WHAT YOU NEED TO DO:
The data must be returned exactly. No line may be left out.

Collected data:
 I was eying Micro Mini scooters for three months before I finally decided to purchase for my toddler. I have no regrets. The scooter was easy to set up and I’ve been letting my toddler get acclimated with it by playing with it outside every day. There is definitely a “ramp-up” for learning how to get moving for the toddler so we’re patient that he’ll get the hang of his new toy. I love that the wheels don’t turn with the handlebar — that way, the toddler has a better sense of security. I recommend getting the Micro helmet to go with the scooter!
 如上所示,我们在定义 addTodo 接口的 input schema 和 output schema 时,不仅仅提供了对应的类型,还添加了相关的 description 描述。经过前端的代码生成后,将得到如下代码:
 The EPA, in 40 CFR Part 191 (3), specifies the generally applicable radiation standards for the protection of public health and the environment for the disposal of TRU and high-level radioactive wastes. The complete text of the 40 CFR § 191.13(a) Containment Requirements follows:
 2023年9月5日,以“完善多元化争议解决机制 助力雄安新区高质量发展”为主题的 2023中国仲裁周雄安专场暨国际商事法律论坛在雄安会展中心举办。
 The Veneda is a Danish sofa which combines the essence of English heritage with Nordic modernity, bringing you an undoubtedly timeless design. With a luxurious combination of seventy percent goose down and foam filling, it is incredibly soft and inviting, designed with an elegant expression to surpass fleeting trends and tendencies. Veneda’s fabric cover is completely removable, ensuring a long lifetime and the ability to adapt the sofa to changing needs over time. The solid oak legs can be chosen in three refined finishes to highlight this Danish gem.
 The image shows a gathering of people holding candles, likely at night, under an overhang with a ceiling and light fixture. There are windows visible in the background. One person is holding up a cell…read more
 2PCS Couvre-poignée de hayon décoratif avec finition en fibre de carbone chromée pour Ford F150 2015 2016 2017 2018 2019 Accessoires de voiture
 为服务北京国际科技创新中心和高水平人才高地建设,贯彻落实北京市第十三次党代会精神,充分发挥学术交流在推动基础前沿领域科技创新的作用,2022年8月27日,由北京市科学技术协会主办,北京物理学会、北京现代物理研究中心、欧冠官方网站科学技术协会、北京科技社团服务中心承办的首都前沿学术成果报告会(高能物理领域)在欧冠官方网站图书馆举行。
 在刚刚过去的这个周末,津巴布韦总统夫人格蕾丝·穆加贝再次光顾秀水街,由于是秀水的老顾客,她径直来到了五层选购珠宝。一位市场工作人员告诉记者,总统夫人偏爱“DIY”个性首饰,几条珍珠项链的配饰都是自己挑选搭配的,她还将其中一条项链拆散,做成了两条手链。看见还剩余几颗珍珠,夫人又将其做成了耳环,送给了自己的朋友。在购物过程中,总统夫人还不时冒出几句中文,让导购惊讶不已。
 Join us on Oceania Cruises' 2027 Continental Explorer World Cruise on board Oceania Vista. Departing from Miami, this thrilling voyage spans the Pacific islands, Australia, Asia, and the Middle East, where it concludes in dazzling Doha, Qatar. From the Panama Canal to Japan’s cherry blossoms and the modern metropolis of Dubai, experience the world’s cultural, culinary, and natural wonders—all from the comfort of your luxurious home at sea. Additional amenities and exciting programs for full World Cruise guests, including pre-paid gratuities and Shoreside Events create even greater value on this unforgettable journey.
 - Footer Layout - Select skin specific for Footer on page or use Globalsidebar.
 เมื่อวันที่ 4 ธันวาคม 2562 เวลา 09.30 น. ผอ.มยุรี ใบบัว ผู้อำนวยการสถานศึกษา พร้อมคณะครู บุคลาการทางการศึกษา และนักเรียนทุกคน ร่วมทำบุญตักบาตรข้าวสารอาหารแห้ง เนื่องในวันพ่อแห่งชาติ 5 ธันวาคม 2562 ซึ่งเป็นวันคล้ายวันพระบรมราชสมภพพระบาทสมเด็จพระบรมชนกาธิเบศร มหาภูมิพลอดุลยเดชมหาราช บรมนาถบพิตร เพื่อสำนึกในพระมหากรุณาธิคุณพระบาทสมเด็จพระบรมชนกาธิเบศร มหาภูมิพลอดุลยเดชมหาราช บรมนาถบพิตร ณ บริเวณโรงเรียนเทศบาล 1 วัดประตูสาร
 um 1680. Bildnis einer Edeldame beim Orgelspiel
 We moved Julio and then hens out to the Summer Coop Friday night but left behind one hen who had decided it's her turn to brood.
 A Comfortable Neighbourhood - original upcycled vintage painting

THE ANSWER:
 I was eying Micro Mini scooters for three months before I finally decided to purchase for my toddler. I have no regrets. The scooter was easy to set up and I’ve been letting my toddler get acclimated with it by playing with it outside every day. There is definitely a “ramp-up” for learning how to get moving for the toddler so we’re patient that he’ll get the hang of his new toy. I love that the wheels don’t turn with the handlebar — that way, the toddler has a better sense of security. I recommend getting the Micro helmet to go with the scooter!
 如上所示,我们在定义 addTodo 接口的 input schema 和 output schema 时,不仅仅提供了对应的类型,还添加了相关的 description 描述。经过前端的代码生成后,将得到如下代码:
 The EPA, in 40 CFR Part 191 (3), specifies the generally applicable radiation standards for the protection of public health and the environment for the disposal of TRU and high-level radioactive wastes. The complete text of the 40 CFR § 191.13(a) Containment Requirements follows:
 2023年9月5日,以“完善多元化争议解决机制 助力雄安新区高质量发展”为主题的 2023中国仲裁周雄安专场暨国际商事法律论坛在雄安会展中心举办。
 The Veneda is a Danish sofa which combines the essence of English heritage with Nordic modernity, bringing you an undoubtedly timeless design. With a luxurious combination of seventy percent goose down and foam filling, it is incredibly soft and inviting, designed with an elegant expression to surpass fleeting trends and tendencies. Veneda’s fabric cover is completely removable, ensuring a long lifetime and the ability to adapt the sofa to changing needs over time. The solid oak legs can be chosen in three refined finishes to highlight this Danish gem.
 The image shows a gathering of people holding candles, likely at night, under an overhang with a ceiling and light fixture. There are windows visible in the background. One person is holding up a cell…read more
 2PCS Couvre-poignée de hayon décoratif avec finition en fibre de carbone chromée pour Ford F150 2015 2016 2017 2018 2019 Accessoires de voiture
 为服务北京国际科技创新中心和高水平人才高地建设,贯彻落实北京市第十三次党代会精神,充分发挥学术交流在推动基础前沿领域科技创新的作用,2022年8月27日,由北京市科学技术协会主办,北京物理学会、北京现代物理研究中心、欧冠官方网站科学技术协会、北京科技社团服务中心承办的首都前沿学术成果报告会(高能物理领域)在欧冠官方网站图书馆举行。
 在刚刚过去的这个周末,津巴布韦总统夫人格蕾丝·穆加贝再次光顾秀水街,由于是秀水的老顾客,她径直来到了五层选购珠宝。一位市场工作人员告诉记者,总统夫人偏爱“DIY”个性首饰,几条珍珠项链的配饰都是自己挑选搭配的,她还将其中一条项链拆散,做成了两条手链。看见还剩余几颗珍珠,夫人又将其做成了耳环,送给了自己的朋友。在购物过程中,总统夫人还不时冒出几句中文,让导购惊讶不已。
 Join us on Oceania Cruises' 2027 Continental Explorer World Cruise on board Oceania Vista. Departing from Miami, this thrilling voyage spans the Pacific islands, Australia, Asia, and the Middle East, where it concludes in dazzling Doha, Qatar. From the Panama Canal to Japan’s cherry blossoms and the modern metropolis of Dubai, experience the world’s cultural, culinary, and natural wonders—all from the comfort of your luxurious home at sea. Additional amenities and exciting programs for full World Cruise guests, including pre-paid gratuities and Shoreside Events create even greater value on this unforgettable journey.
 - Footer Layout - Select skin specific for Footer on page or use Globalsidebar.
 เมื่อวันที่ 4 ธันวาคม 2562 เวลา 09.30 น. ผอ.มยุรี ใบบัว ผู้อำนวยการสถานศึกษา พร้อมคณะครู บุคลาการทางการศึกษา และนักเรียนทุกคน ร่วมทำบุญตักบาตรข้าวสารอาหารแห้ง เนื่องในวันพ่อแห่งชาติ 5 ธันวาคม 2562 ซึ่งเป็นวันคล้ายวันพระบรมราชสมภพพระบาทสมเด็จพระบรมชนกาธิเบศร มหาภูมิพลอดุลยเดชมหาราช บรมนาถบพิตร เพื่อสำนึกในพระมหากรุณาธิคุณพระบาทสมเด็จพระบรมชนกาธิเบศร มหาภูมิพลอดุลยเดชมหาราช บรมนาถบพิตร ณ บริเวณโรงเรียนเทศบาล 1 วัดประตูสาร
 um 1680. Bildnis einer Edeldame beim Orgelspiel
 We moved Julio and then hens out to the Summer Coop Friday night but left behind one hen who had decided it's her turn to brood.
 A Comfortable Neighbourhood - original upcycled vintage painting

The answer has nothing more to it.